* **Supplied material**:
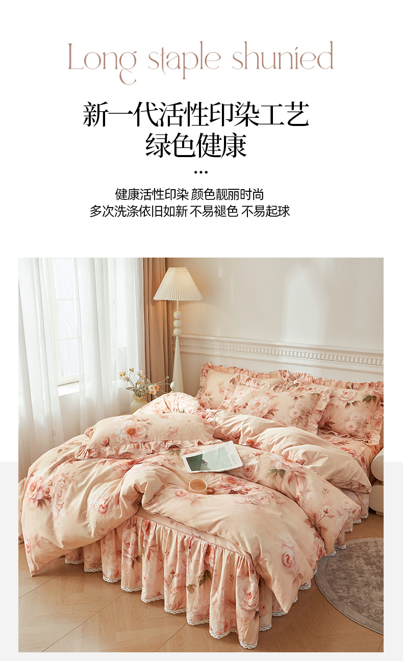 商品名称:(总)缦彩 2025新款100%全棉A类数码印花床裙遮丑花边床单床罩四件套
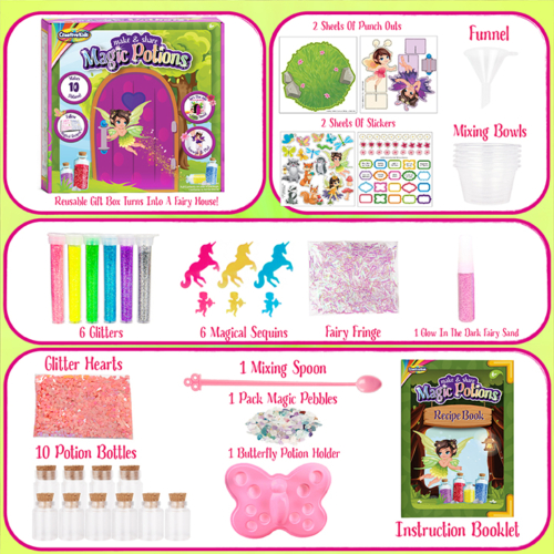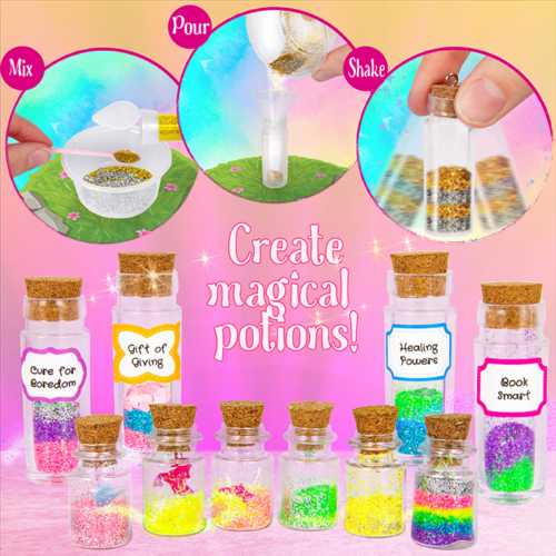 Immerse yourself in a mystical world full of fairies and potions where everything is ripe with magic. Make new fairy friends as you collect ingredients for your magic potions. Follow along the detailed recipe book to create 9 different potions for various uses. Each sparkly ingredient comes straight from the fairy gardens so you know they will definitely work! Each potion even comes with a spell to chant to activate the magic in the bottle. You can create potions for luck, happiness, sunshine, friendship & much more! You can even cook up your own potion recipe!
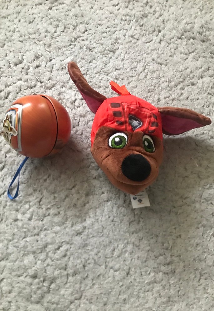 Turuncu renkli, üzerinde sevimli bir karakter bulunan ve taşıma için mavi askısı olan renkli oyuncak peluş ve topu
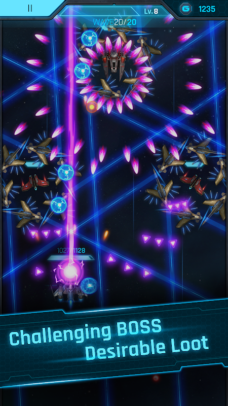 - Various Weapons: A spaceship can carry up to seven weapons and five defense gears. You do have a chance to customize your invincible aircraft with various weapons!
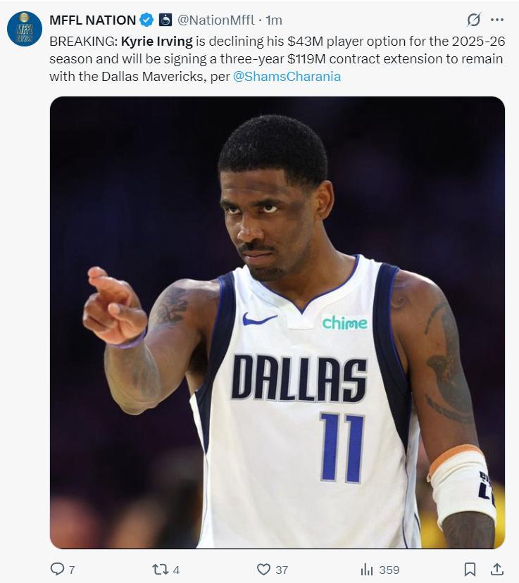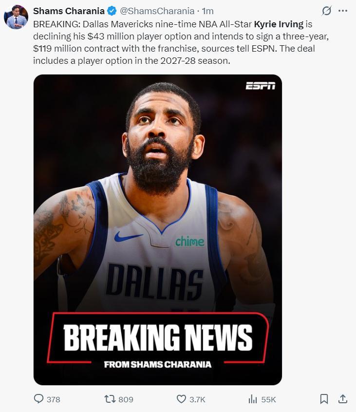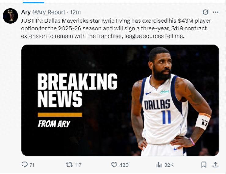 在Ary爆料12分鐘後,ESPN記者Shams纔跟蹤報道,歐文拒絕執行4300萬的球員選項與獨行俠達成三年1.19億的續約,這份合同包含了27-28賽季的球員選項,也就是說這份合同是2+1的合同。
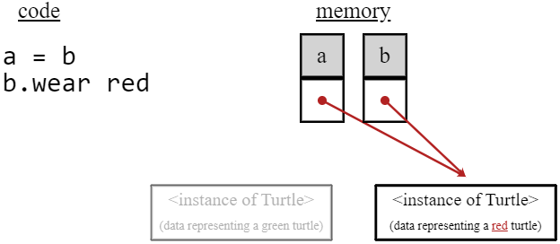 Manipulations of variables associated with non-primitive values result in a different pattern of change than with primitive values. The underlying cause of this is that, when working with non-primitive data, multiple variables can reference a shared object in memory. This is illustrated in the following diagram, in which the assignment of a to b results in the two variables being aliases for the same underlying object. When subsquent manipulations are made to the state of the object, it doesn't matter which variable is referenced to elicit those changes, because they refer to the same object. Thus, in this example, a.wear red would have had the same effect.
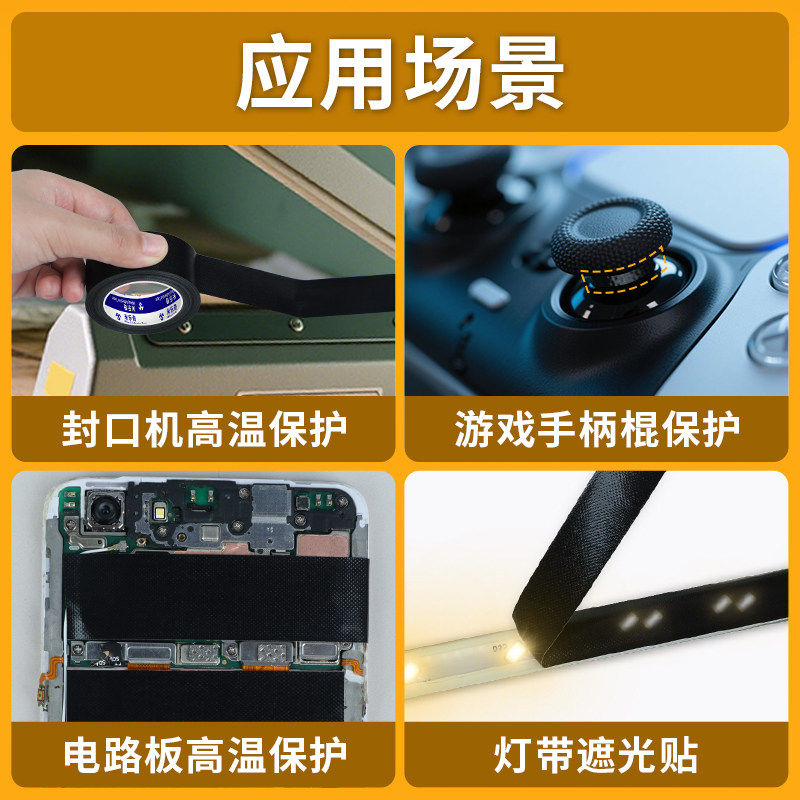 黑色铁氟龙耐高温胶布防烫防火绝缘隔热阻燃特氟龙胶带260度耐磨耐酸碱高温封口真空包装机特氟龙遮光薄膜

* **Instructions to follow**:
The answer is the lines above, word for word, from the first one through the one containing "Turuncu renkli, üzerinde"; it includes no pictures.

* **Answer box**:
 商品名称:(总)缦彩 2025新款100%全棉A类数码印花床裙遮丑花边床单床罩四件套
 Immerse yourself in a mystical world full of fairies and potions where everything is ripe with magic. Make new fairy friends as you collect ingredients for your magic potions. Follow along the detailed recipe book to create 9 different potions for various uses. Each sparkly ingredient comes straight from the fairy gardens so you know they will definitely work! Each potion even comes with a spell to chant to activate the magic in the bottle. You can create potions for luck, happiness, sunshine, friendship & much more! You can even cook up your own potion recipe!
 Turuncu renkli, üzerinde sevimli bir karakter bulunan ve taşıma için mavi askısı olan renkli oyuncak peluş ve topu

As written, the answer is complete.